This lesson covers the understanding of scattering models and techniques. It delves into the results obtained from solving equations related to scattering models. The lesson explains the concept of reflectivity of a layer of particles, isotropic scattering, and the impact of forward scattering. It also discusses the errors made when assuming isotropic scattering. The lesson further explores the effect of the total optical depth of the slab of particles and the transmittance. It introduces the discrete ordinates method and the spherical harmonic method for solving complex scattering problems. The lesson concludes with a discussion on the Monte Carlo method, which is becoming increasingly popular due to advancements in computer technology.

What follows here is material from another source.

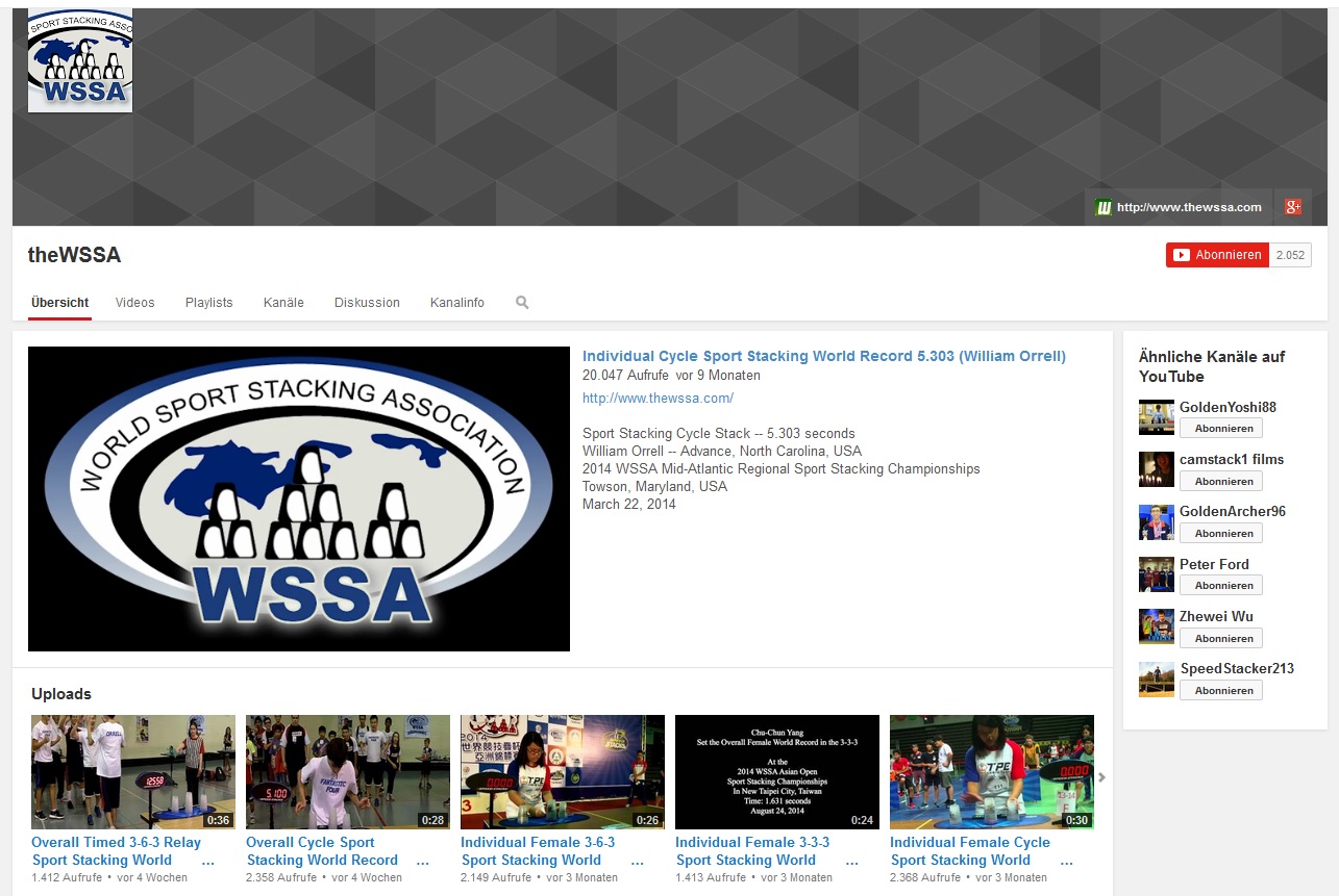 Offizieller Youtube Kanal der WSSA mit den aktuellen Rekorden im Sport Stacking aus der ganzen Welt !

00:57 - Discussion on different climate parameters and isotropic scattering,
07:19 - Explanation of the relationship between Albedo, back scattering, and optical depth,
11:37 - Introduction to the discrete ordinates method for dealing with a system of particles which are scattering isotropically,
29:50 - Explanation of the spherical harmonic method for solving problems involving scattering in powders, clouds, and aerosols,
43:11 - Discussion on the adding-doubling method for solving problems with optically thin layers,
48:13 - Introduction to the Monte Carlo method for solving complex scattering problems,
- Reflectivity of particles increases linearly initially for small values of single scaring Albedo.
- Isotropic scattering is uniform in all directions.
- Forward scattering results in less backward scattering, hence reducing the Albedo of a cloud of particles.
- The discrete ordinates method and the spherical harmonic method are traditional techniques used to solve complex scattering problems.
- The Monte Carlo method is becoming increasingly popular due to advancements in computer technology, as it can handle problems of any complexity.